French reporter kidnapped in Somalia

Updated: 2007-12-17 10:07

MOGADISHU, Somalia -- A French journalist was kidnapped Sunday in northern Somalia by gunmen who apparently were demanding a $70,000 ransom, authorities and a media watchdog said.

People crowd a refugee camp in Bosasso, Somalia, in this September 2007 file photo. [Agencies]

Media watchdog Reporters Without Borders identified the reporter as cameraman Gwen Le Gouil and said he was doing a story on trafficking in illegal migrants. Without citing sources, the group said it appeared he was kidnapped by human traffickers demanding $70,000.

"The man has been abducted by armed men," said Yusuf Mumin Bidde, a deputy governor in Puntland, a semiautonomous region in northeast Somalia. "He had no security with him."

Ali Abdi Aware, a local government minister in Puntland, said a rescue operation was under way.

"The regional administration has sent forces to rescue the reporter," Aware told The Associated Press. He did not elaborate.

French authorities were in contact with "those who seem to be the kidnappers," French Foreign Minister Bernard Kouchner said from Paris. "I hope that the contact will not be lost and I hope that it only concerns a demand for ransom," he said in a television broadcast.

Puntland is a relatively stable region in a country beset by chaos and violence. But in recent months, it has increasingly become associated with rampant piracy off its coast.

"This kidnapping is even more alarming because it takes place in a lawless place where eight journalists have been killed since the beginning of this year," Paris-based Reporters Without Borders said.

The group said Somalia is the most dangerous country in the world for journalists outside of Iraq.

Le Gouil was kidnapped just outside the port city of Bossaso, which is the main departure point for tens of thousands of Somalis who pay smugglers to ferry them across the Gulf of Aden. The destination is Yemen and onward to richer Arab countries, but the trip can be deadly.

The Bossaso-Yemen course also is part of a well-known arms smuggling route.

On Sunday, the international aid group Medecins Sans Frontieres, or Doctors Without Borders, said the bodies of 56 people who recently set off from Bossaso washed up on shore in Yemen. Half the victims were women; five were children.

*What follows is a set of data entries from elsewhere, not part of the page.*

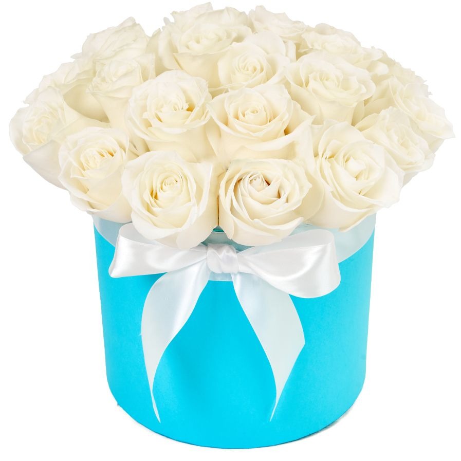 Шляпная коробка с цветами «Белые розы в коробке "Симпатия", 19 шт»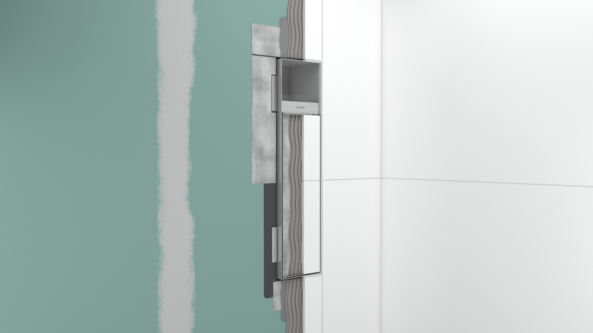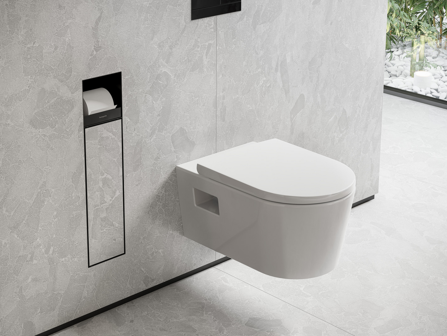bestehend aus: Wandnische mit befliesbarer Tür, Toilettenbürstenhalter, Papierrollenhalter, Installationsset, Dichtungsset, Push-Open-Tür 12 mm tief, Einbautiefe 140 mm, Anwendungsbereich Neubau, Sanierung, Anpassung an Fliesenstärke möglich, rahmenloses Design, Wandtyp Trockenbau, Nassbau, Dichtungsset Polystyrol (PS), Werkstoffgüte Wandnische Edelstahl V2A (1.4301), Bürstenhalter Kunststoff, verchromt, Wandnische 595 x 145 x 140 mm, Dichtungsset 606 x 176 x 140 mm, Vermeidung von Wasserschäden durch wasserdichtes Grundset und vormontiertes Dicht-Vlies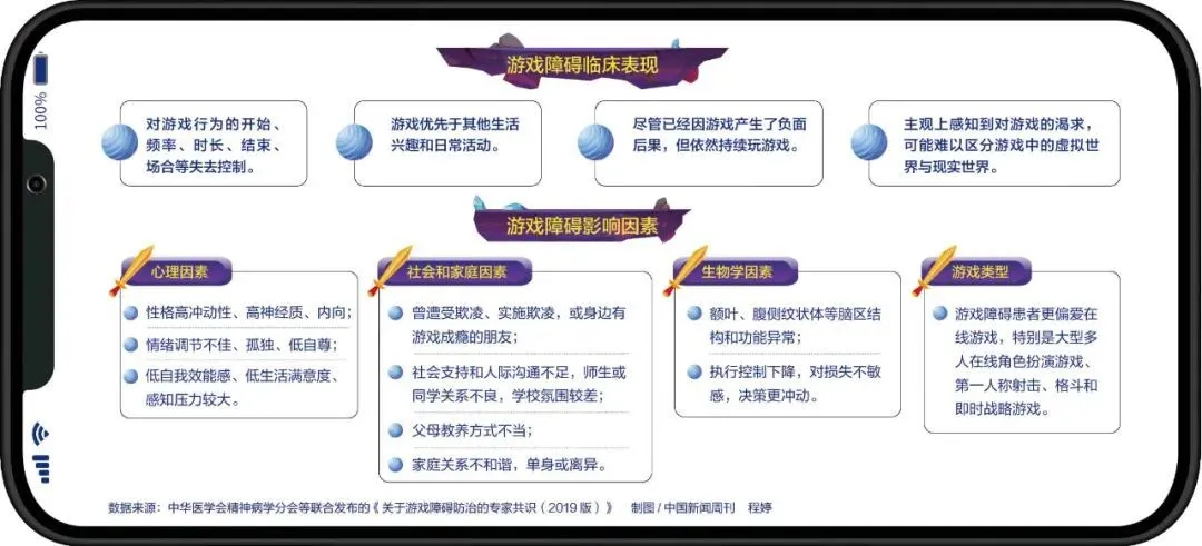 10—25 岁的青少年是游戏成瘾的高危人群。北京师范大学心理学部教授张锦涛对《中国新闻周刊》介绍,这与网络游戏的设计和青少年的心智发育特点有关。一方面,很多游戏具有强烈、精美的视听刺激,对青少年有很强的吸引力,游戏玩家的操作会持续收到及时、明确且丰富的积极反馈,让玩家花更多时间在游戏上。“有一些孩子在现实中的好友、人际支持资源很有限,他们更愿意在网上寻求支持,与游戏中的好友维持关系。”
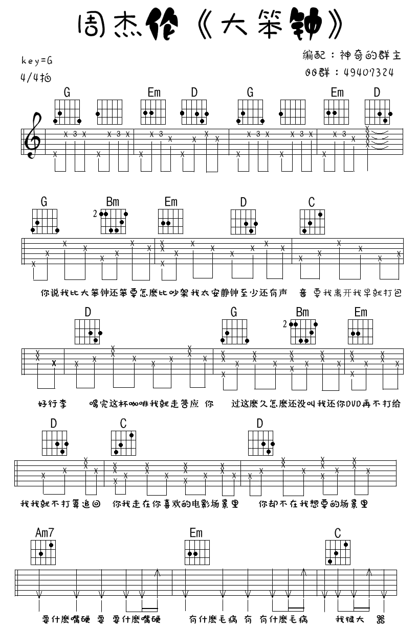 曲谱介绍: 周杰伦《大笨钟》吉他弹唱谱,采用G调指法编配,共有2张高清图谱,免翻页排版设计。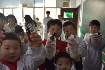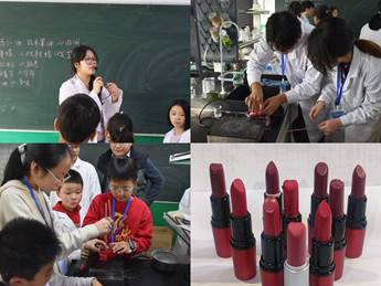 讲解结束后,中小学生分组开启“口红DIY”体验环节:从模具、容器和口红壳消毒,到将杏仁油、色粉和蜂蜡加热融化,再到香料与天然防腐剂维生素E进行滴加,最后装到模具低温定型。在大学生志愿者的一对一指导下,中小学生逐步将基础的“天然化学原料”转化为精美的“专属口红”。当口红从模具中缓缓取出,现场响起阵阵惊喜的赞叹声,大家纷纷表示“原来化学实验可以这么有趣!”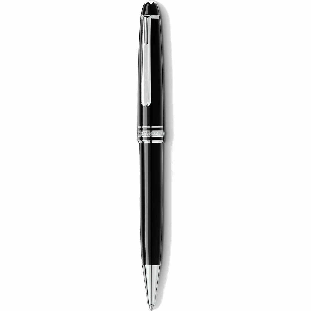 Il corpo e il cappuccio sono in pregiata resina nera con emblema Montblanc bianco intarsiato. I tre anelli finitura platino con goffratura del marchio Montblanc e la clip finitura platino con numero di serie individuale mettono ulteriormente in risalto il design intramontabile di questa lussuosa penna a sfera.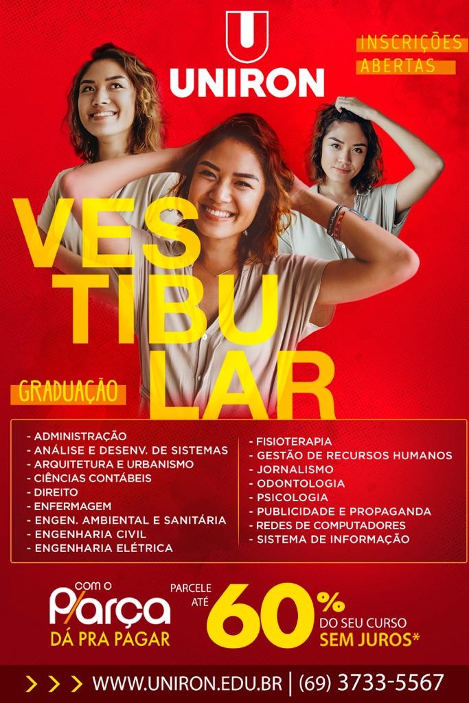 São mais de 15 cursos ofertados pela Uniron, em diversas áreas, como: Administração, Ciências Contábeis, Recursos Humanos, Direito, Jornalismo, Publicidade e Propaganda, Arquitetura e Urbanismo, Rede de Computadores, Sistemas de Informação, Análise e Desenvolvimento de Sistemas, Engenharia Civil, Elétricas e Ambiental e Sanitária, Enfermagem, Odontologia, Fisioterapia e Psicologia. Ufa! Tem muita coisa para você aqui.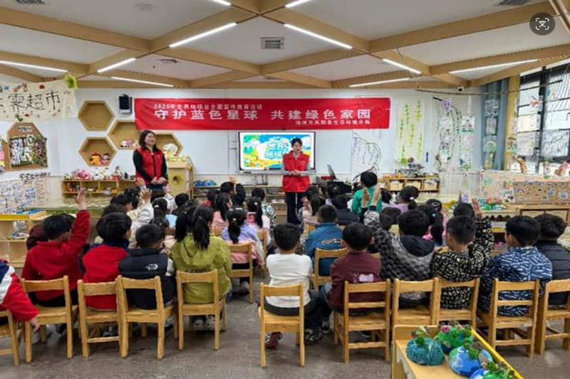 活动现场,志愿者结合幼儿认知特点,通过科普动画、趣味课件,用生动易懂的语言,向孩子们科普了世界地球日由来、地球生态功能及垃圾分类、节约用水等环保知识,结合生活案例讲解了环境问题的危害,引导孩子们树立“保护地球就是保护自己”的理念。随后,在志愿者与幼儿园老师的悉心指导下,环保手工创作环节,孩子们利用废旧材料制作地球作品,践行了“变废为宝”的环保理念。志愿者还向孩子们发放了宣传手册和小礼品,鼓励大家争做“环保小卫士”。活动全程氛围热烈温馨,师生、志愿者们欢聚一堂,合影留念定格美好瞬间。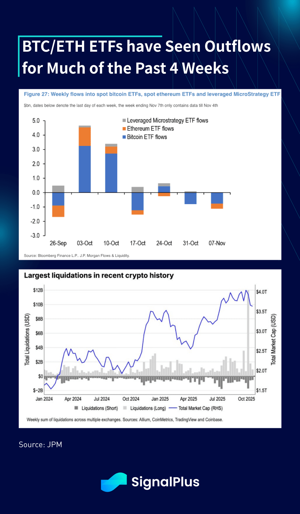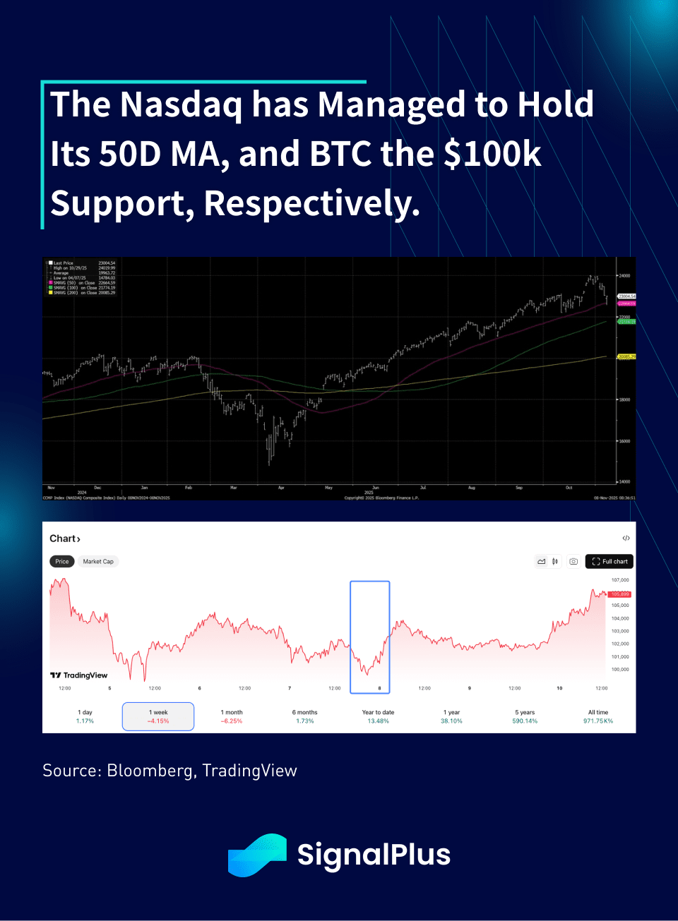 Os ativos macro tiveram uma semana difícil na semana passada, com o Nasdaq sofrendo sua pior perda semanal desde o Dia da Libertação em abril, puxado para baixo por preocupações sobre uma bolha de IA em desinflacão e dados econômicos decepcionantes.

Some 27,960 people have made the voyage to Yemen this year, according to MSF. At least 593 died in the attempt and 659 were reported missing, the group said. Waves of migrants leaving West Africa for Europe make similarly perilous journeys.

Bossaso is about 930 miles north of the Somali capital, Mogadishu, which is at the center of an Islamic insurgency that has killed thousands of people this year.

Somalia has not had an effective central government since 1991. Last week, a director at the country's Security Ministry said a radical Islamic group that was driven from power one year ago by a Western-supported offensive is making a significant comeback in Somalia and the government can do little to stop it.